Chicago Education Board Excludes Teachers From Talks With Unions Over Online Teaching

Chicago Education Board Excludes Teachers From Talks With Unions Over Online Teaching

By Logan Smith-
The Chicago Board of Education has excluded parents and teacher from its  recent decision to bring in an outside mediator to aid in its negotiations with the Chicago Teachers Union .

The board said  the mediator can  only address the issue of the impact of school re-openings,  but not the decision of when to bring students back for in-person learning.

In a letter sent  on Tuesday to the CTU’s legal team, board Labour Relations Officer Kaitlyn Girard was clear in her position that the Chicago Board of Education will not engage in mediation over its decision to reopen schools.
As you are well aware, decisions to determine the places of instruction, whether remote or in-person, are permissive subjects of bargaining … and the CBE has no obligation to bargain its decision.”
The union has been in disagreement with the Chicago Board Of Education over reopening, but on Sunday made a formal request for mediation over reopening issues before any students are brought back into school buildings.  This is because Chicago Public Schools has said it plans to bring pre-K and some special education students back for in-person instruction during the second quarter of the school year, which began Monday.
An official return date for those students has not yet been set. The CTU responded to the board’s letter Tuesday, saying the board only agreed to mediation on the conditions it can walk away at any time; have no obligation to negotiate; and is free to make decisions without input from parents or teachers.
“They are willing to meet with a mediator if CTU will sign off that it is 100% up to CPS to decide when to return to the buildings, what protections are in place, and when students, staff and schools are ‘safe enough,’” the union said in a statement.
CTU officials have repeatedly called on  the CPS to improve remote learning and keep kids out of schools as the City experiences a second surge of COVID-19 cases. Data from the Chicago Department of Public Health  has revealed a seven-day rolling average of 1,784 new cases per day, an increase of 38% from the previous week.
City health officials insist that disease transmission in schools is rare when proper safety protocols such as social distancing, mask wearing and surface cleaning are applied.
The union has filed labour practice charges over an alleged refusal by CPS to bargain with the CTU, and the quality of ventilation systems within CPS schools. The school district had last week spent $8.5 million on 20,000 air purifiers to combat the spread of COVID-19 in classrooms and common spaces within schools.
The CTU initially pursued a preliminary injunction barring CPS from implementing its reopening plan, but the request was denied last week by the Illinois Labor Relations Board on the grounds that the school district had not yet set a date for students to return.

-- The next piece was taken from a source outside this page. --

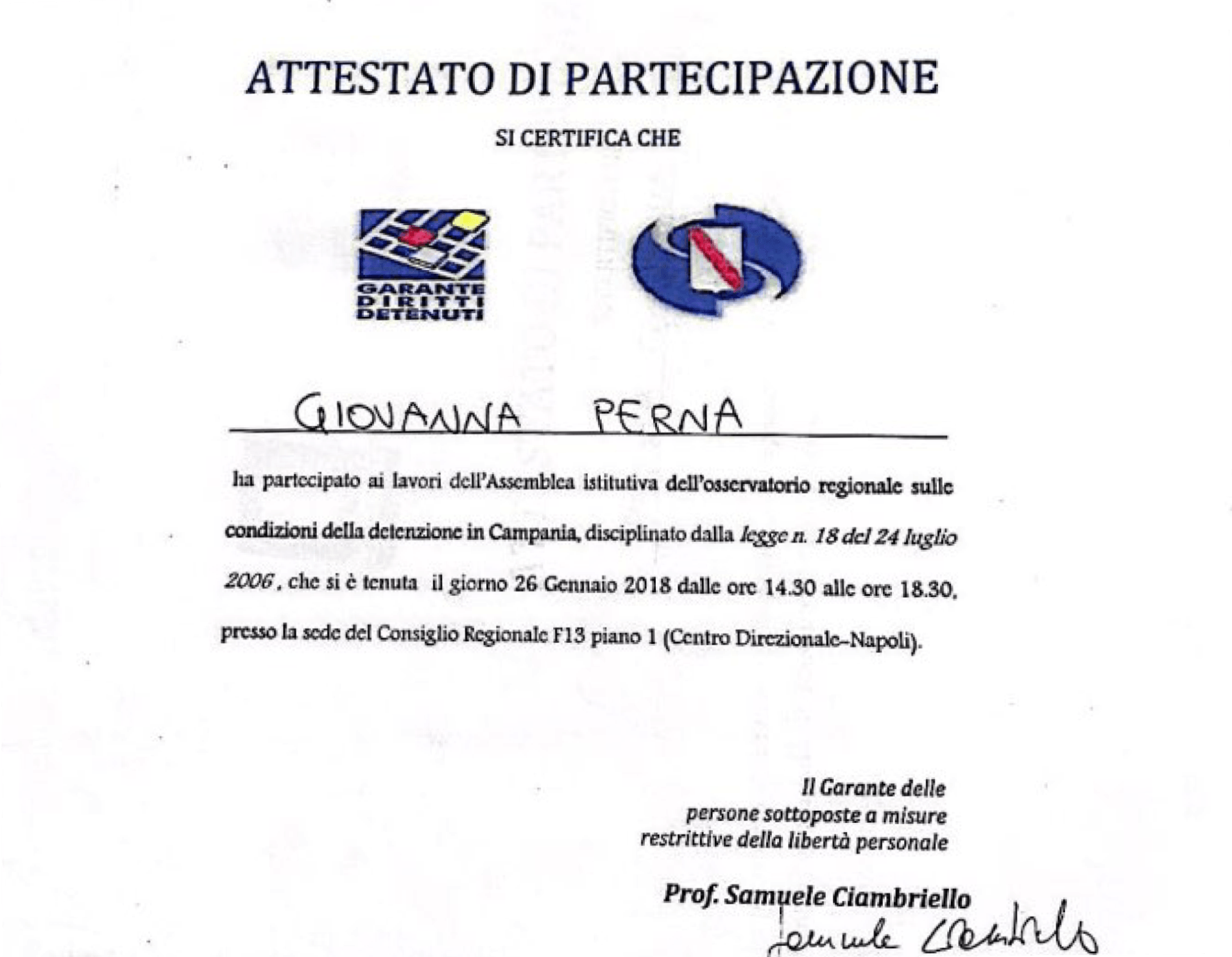 - Ottobre 2010 attestato di partecipazione “emergenza carceri prospettive di riforma legislativa”

“The virus is surging,” the union said in a statement. “And under any and all conditions, reopening must be done safely. We will stand for nothing less.” Parents and teachers have mixed feelings about students returning to in person classes. Some fear that long absence from school would have a long term damaging effect on the education of many children, while many parents are so worried about the chances of their children catching COVID-19, that they would rather they stayed at home and not mix in school.